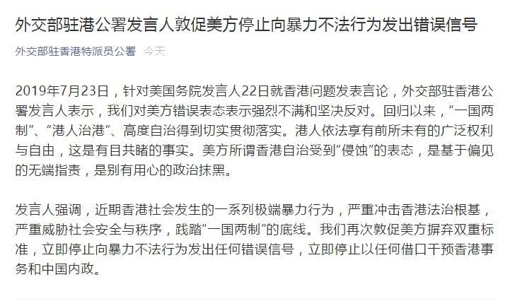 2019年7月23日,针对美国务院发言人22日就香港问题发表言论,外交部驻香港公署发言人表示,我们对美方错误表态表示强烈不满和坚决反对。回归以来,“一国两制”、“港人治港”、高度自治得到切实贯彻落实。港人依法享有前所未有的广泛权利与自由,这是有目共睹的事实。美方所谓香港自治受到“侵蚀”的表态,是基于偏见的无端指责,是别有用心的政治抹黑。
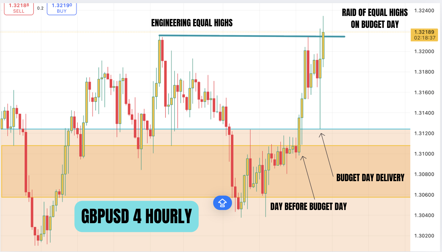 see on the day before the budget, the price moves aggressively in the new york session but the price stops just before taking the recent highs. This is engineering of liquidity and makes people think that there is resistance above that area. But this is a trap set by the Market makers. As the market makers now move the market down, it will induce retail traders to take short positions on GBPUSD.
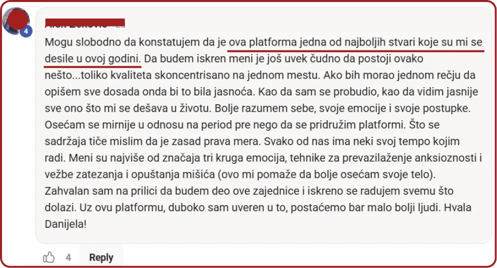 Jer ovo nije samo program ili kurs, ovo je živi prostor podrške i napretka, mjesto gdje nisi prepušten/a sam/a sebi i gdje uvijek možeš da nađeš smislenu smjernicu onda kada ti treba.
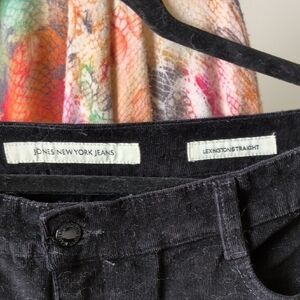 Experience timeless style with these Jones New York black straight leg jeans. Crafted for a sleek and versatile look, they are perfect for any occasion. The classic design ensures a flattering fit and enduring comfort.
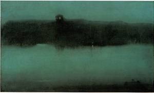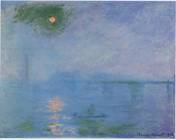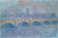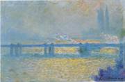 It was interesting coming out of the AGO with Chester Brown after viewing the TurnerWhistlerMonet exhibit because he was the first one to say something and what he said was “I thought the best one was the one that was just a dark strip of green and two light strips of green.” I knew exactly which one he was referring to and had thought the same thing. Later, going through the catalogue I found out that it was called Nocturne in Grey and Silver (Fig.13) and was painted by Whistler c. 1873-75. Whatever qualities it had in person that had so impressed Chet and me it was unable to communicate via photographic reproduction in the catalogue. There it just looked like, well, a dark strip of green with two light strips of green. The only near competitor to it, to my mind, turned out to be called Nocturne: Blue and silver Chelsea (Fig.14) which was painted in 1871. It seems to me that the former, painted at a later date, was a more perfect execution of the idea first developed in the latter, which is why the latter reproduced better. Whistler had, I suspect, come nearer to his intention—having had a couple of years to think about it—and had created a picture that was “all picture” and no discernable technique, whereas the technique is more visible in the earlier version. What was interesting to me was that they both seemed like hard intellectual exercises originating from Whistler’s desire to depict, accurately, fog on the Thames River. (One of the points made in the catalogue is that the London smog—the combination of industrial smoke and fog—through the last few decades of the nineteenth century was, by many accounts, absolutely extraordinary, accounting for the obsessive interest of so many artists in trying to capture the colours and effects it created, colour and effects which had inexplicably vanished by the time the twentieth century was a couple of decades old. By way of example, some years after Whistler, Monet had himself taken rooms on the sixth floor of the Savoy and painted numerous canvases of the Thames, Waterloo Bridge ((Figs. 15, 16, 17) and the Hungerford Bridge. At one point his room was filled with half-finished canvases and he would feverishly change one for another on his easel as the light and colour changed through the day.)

* * * * * * *

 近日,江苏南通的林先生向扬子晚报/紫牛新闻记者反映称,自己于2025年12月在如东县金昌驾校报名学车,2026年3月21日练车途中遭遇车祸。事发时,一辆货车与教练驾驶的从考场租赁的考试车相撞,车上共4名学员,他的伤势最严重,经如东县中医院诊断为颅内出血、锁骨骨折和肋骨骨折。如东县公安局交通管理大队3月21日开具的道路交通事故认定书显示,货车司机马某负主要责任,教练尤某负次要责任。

* * * * * * *

> _Activity_: Within the listing above, write out the stretch from the line with "2019年7月23日,针对美" through the line with "Jer ovo nije" exactly. Any pictures are to be left out.

> _Written response_:
 2019年7月23日,针对美国务院发言人22日就香港问题发表言论,外交部驻香港公署发言人表示,我们对美方错误表态表示强烈不满和坚决反对。回归以来,“一国两制”、“港人治港”、高度自治得到切实贯彻落实。港人依法享有前所未有的广泛权利与自由,这是有目共睹的事实。美方所谓香港自治受到“侵蚀”的表态,是基于偏见的无端指责,是别有用心的政治抹黑。
 see on the day before the budget, the price moves aggressively in the new york session but the price stops just before taking the recent highs. This is engineering of liquidity and makes people think that there is resistance above that area. But this is a trap set by the Market makers. As the market makers now move the market down, it will induce retail traders to take short positions on GBPUSD.
 Jer ovo nije samo program ili kurs, ovo je živi prostor podrške i napretka, mjesto gdje nisi prepušten/a sam/a sebi i gdje uvijek možeš da nađeš smislenu smjernicu onda kada ti treba.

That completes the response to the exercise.